Welcome to the HSE Pesticides eBulletin

This e-bulletin is from HSE's pesticides team

Tractor  

Active substance approvals: February 2017

Regulatory Update: 04/2017

Issued:  8th February 2017

Updating your authorisation

HSE does not directly notify product authorisation holders where a change or update of a current authorisation is required because of a change by the EC to an approval of an active substance.  Authorisation holders are advised to check the EU Pesticides database where new or changes to active substance approvals and review reports are published.

Active substance approvals

At the Standing Committee on Plants, Animals, Food and Feed (SCoPAFF) it was agreed:

To approve under Regulation (EC) 1107/2009:

  • Prosulfuron AIR2 as a candidate for substitution 
  • the low-risk active substances Mild Pepino Mosaic Virus isolates VC1 and VX1
  • abamectin, buprofezin and oxyfluorfen: Amendment of approval conditions
  • acrinathrin: Confirmation of the conditions of approval
  • clayed charcoal, Urtica spp. and hydrogen peroxide (as basic substances)

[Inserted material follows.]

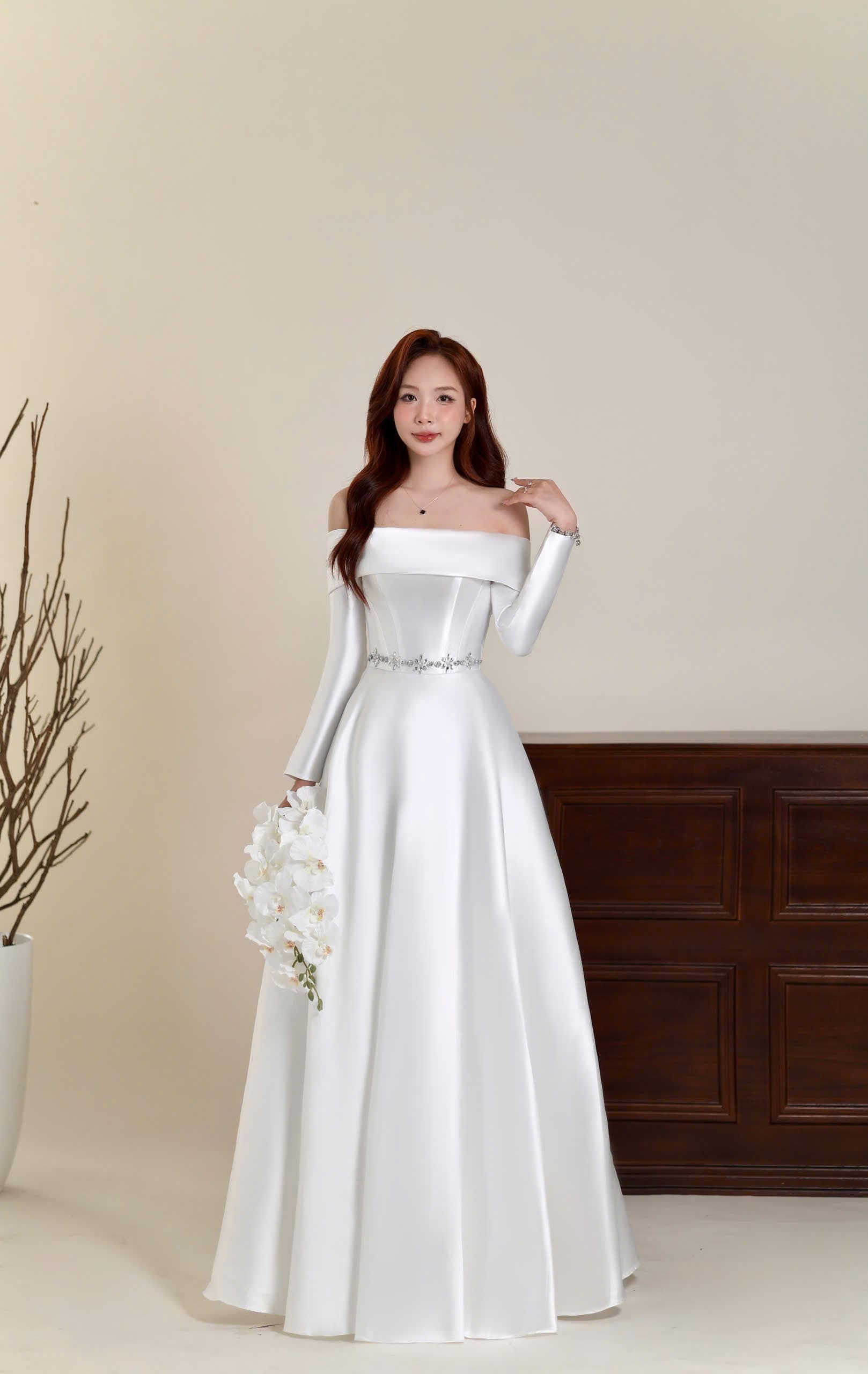 - 6. VÁY CƯỚI FORM A TRỄ VAI TAY DÀI THANH LỊCH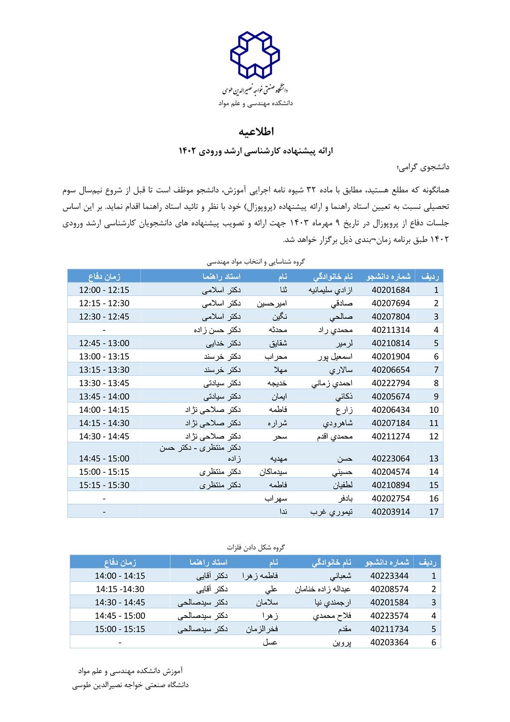اطلاعیه دفاع از پروپوزال دانشجویان کارشناسی ارشد ورودی سال 1402

Prosulfuron as a candidate for substitution

Prosulfuron was considered under the second stage of the renewal programme (governed by Commission Regulations 1141/2010).  Authorisations for products containing this substance will need to be renewed in accordance with Article 43 of Regulation (EC) 1107/2009, with applications required by 31 July 2017.  For further information see Guidance on UK Procedures for product renewal applications

Prosulfuron was also found to be a candidate for substitution pursuant to Article 24 of Regulation (EC) No 1107/2009. Prosulfuron is a persistent and toxic substance in accordance with points 3.7.2.1 and 3.7.2.3 respectively, of Annex II to Regulation (EC) No 1107/2009, given that the half-life in fresh water is greater than 40 days and the long-term no-observed effect concentration for freshwater organisms is less than 0.01 mg/L.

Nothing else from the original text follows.